In an order filed Wednesday, the court said it would consider an appeal made by Sheriff Jim McDonnell in his attempt to reveal to prosecutors the names of deputies whose past wrongdoing could call into question their credibility as witnesses in criminal proceedings.
The announcement is the latest turn in a closely watched case pitting the privacy rights of law enforcement officers against the rights of criminal defendants. The issue has inspired an unusual alliance between professional associations representing some public defenders and prosecutors in California — as well as state Atty. Gen. Xavier Becerra and the American Civil Liberties Union of Southern California — all of whom are publicly supporting McDonnell’s position in the case.
The legal battle began a year ago when the union that represents rank-and-file deputies in L.A. County went to court to block McDonnell from giving the list to prosecutors, arguing that doing so would violate state officer confidentiality laws and cast an unfair light on deputies whose mistakes were long ago.
The issue before the state Supreme Court is whether McDonnell can give the name and employee number of a deputy with misconduct to prosecutors if that deputy is a potential witness in a pending criminal prosecution.
In July, a divided three-judge panel of the state’s 2nd District Court of Appeal held that the names are confidential and barred McDonnell from sending the names to prosecutors even in pending cases in which the deputy is expected to testify.
A high court ruling would only address whether the deputies’ identities would be revealed to prosecutors, not whether they would become public.
California has some of the strongest protections on law enforcement officer records in the country. Discipline hearings, personnel files and even the names of officers investigated by internal affairs are secret.
Police agencies in at least 22 counties across the state regularly give local prosecutors the names of officers found in internal investigations to have committed certain types of misconduct as part of the prosecution team’s so-called “Brady obligation,” according to the California District Attorneys Assn., which sent a letter in support of McDonnell to the high court.

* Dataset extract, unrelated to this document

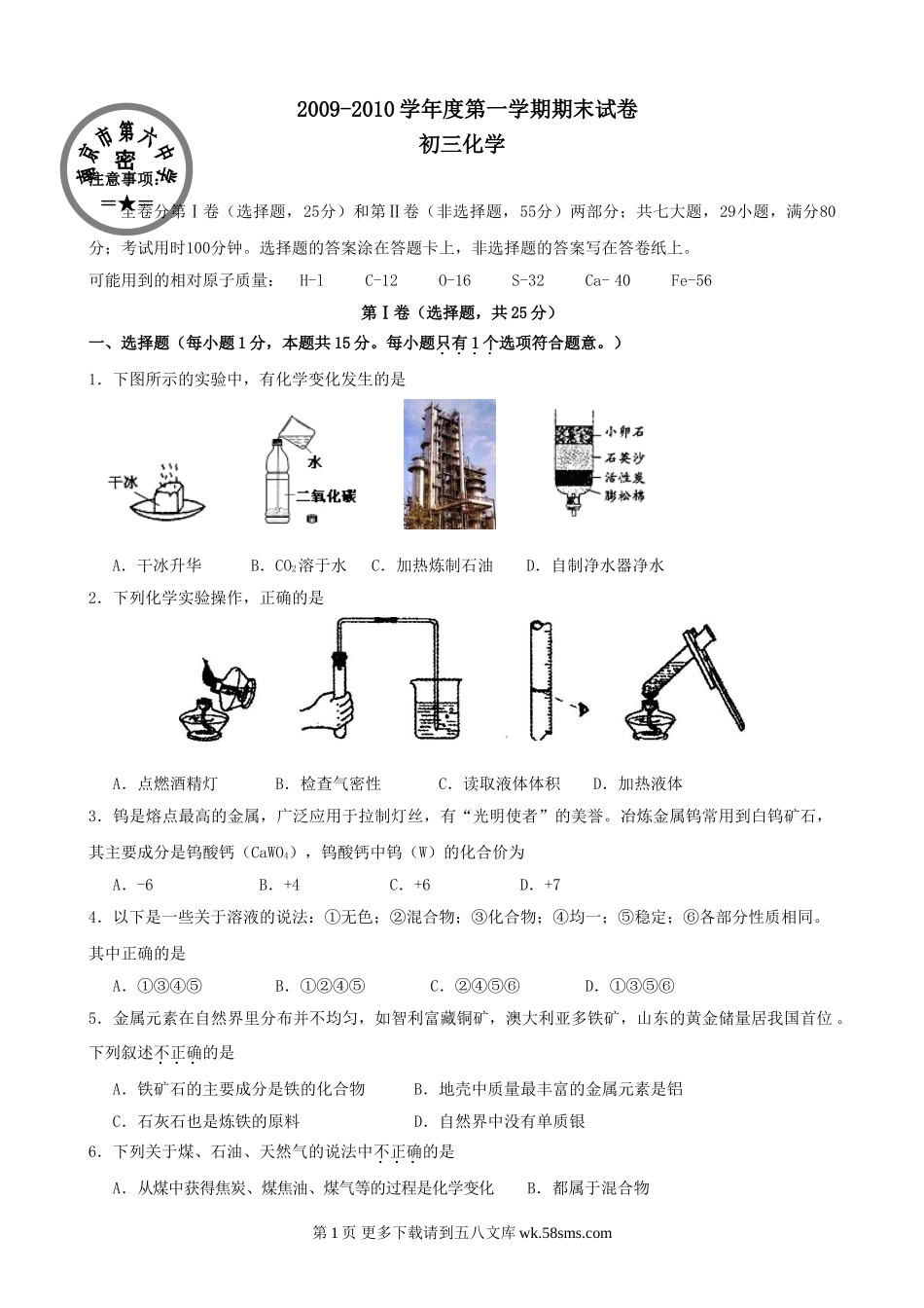 密=★=2009-2010学年度第一学期期末试卷初三化学注意事项:全卷分第Ⅰ卷(选择题,25分)和第Ⅱ卷(非选择题,55分)两部分;共七大题,29小题,满分80分;考试用时100分钟。选择题的答案涂在答题卡上,非选择...

The 1963 U.S. Supreme Court decision in Brady vs. Maryland obligates prosecutors to turn over evidence favorable to defendants, which could include information that undermines an officer’s credibility.
The Assn. for Los Angeles Deputy Sheriffs has argued that disclosure of the list to prosecutors violates the state’s police confidentiality laws, and that the appellate court’s recent decision does not impair a defendant’s right to a fair trial.
Elizabeth Gibbons, an attorney for the deputies union, has previously said that deputies on the list should not be seen as “problematic” because some are exemplary officers who have made minor mistakes in the past. She did not immediately respond to a request for comment.
“I am confident the court will conclude the sheriff may turn over the list to the district attorney,” said Peter Eliasberg, chief counsel for the ACLU of Southern California. He predicted the court could find that the transfer doesn’t conflict with state officer confidentiality laws or that the Brady decision requires the district attorney to have the names.
The state Supreme Court ruled in an unrelated case in 2015 that the San Francisco Police Department acted “laudably” by sending the names of officers with potential credibility problems to prosecutors.
6:35 p.m.: This article was updated with background about the legal battle and a comment from Eliasberg.